━━━━━ RECORD EXCERPTS ━━━━━

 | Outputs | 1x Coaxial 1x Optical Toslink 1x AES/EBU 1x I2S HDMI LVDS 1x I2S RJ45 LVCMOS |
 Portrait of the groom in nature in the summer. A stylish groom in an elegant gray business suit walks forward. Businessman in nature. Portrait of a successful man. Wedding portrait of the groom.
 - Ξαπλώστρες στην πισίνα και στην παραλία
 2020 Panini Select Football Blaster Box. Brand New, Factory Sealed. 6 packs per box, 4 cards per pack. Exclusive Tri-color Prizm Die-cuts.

━━━━━
━━━━━ RECORD EXCERPTS ━━━━━

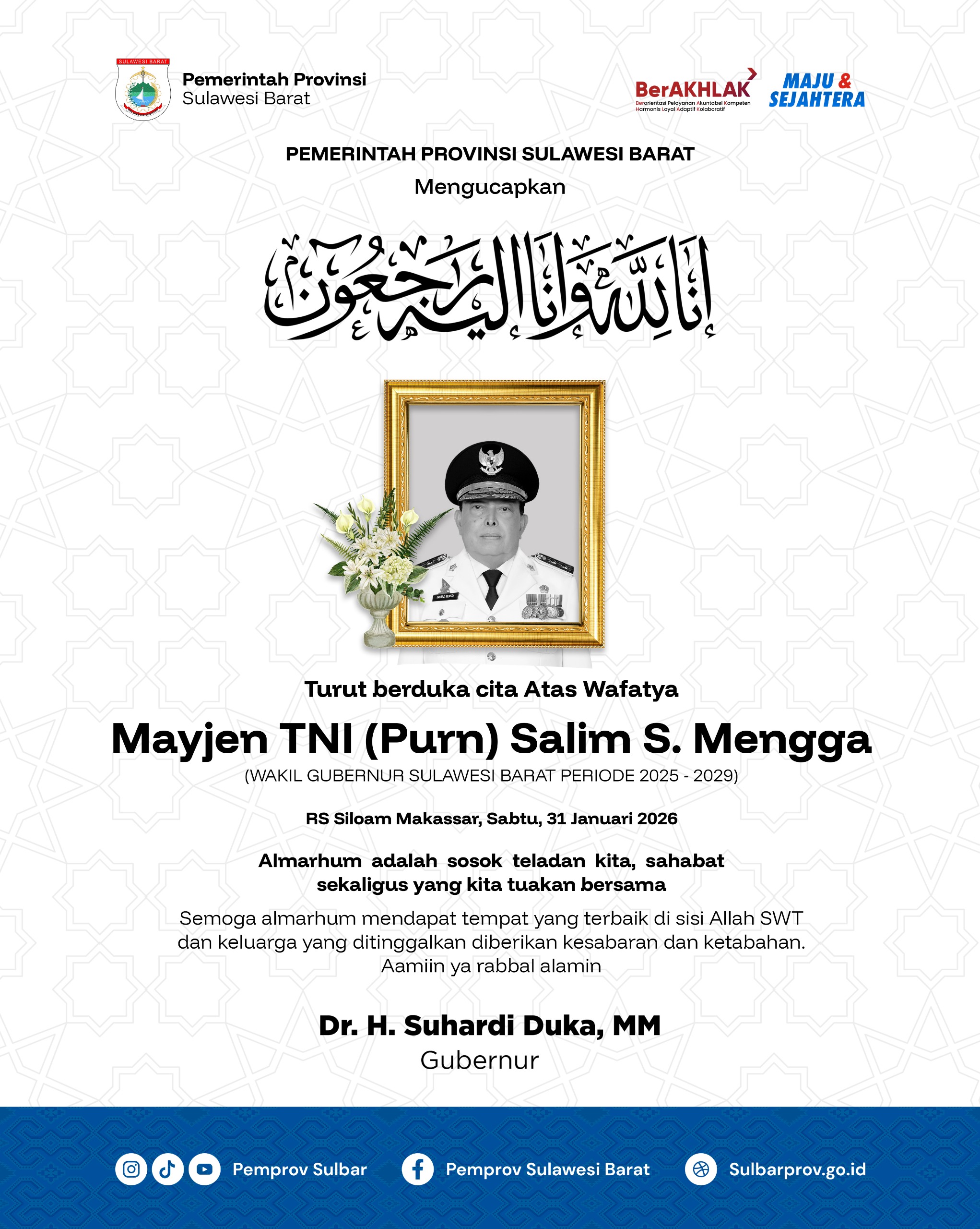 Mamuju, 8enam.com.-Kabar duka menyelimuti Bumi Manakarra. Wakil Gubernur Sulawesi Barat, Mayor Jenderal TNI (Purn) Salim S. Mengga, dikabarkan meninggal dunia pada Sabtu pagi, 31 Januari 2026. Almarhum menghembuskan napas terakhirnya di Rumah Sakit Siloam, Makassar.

━━━━━

WHAT IS BEING ASKED: Repeat, character for character, the lines of the material above from the line with "Portrait of the groom in" through the line with "2020 Panini Select".

EXERCISE SOLUTION:
 Portrait of the groom in nature in the summer. A stylish groom in an elegant gray business suit walks forward. Businessman in nature. Portrait of a successful man. Wedding portrait of the groom.
 - Ξαπλώστρες στην πισίνα και στην παραλία
 2020 Panini Select Football Blaster Box. Brand New, Factory Sealed. 6 packs per box, 4 cards per pack. Exclusive Tri-color Prizm Die-cuts.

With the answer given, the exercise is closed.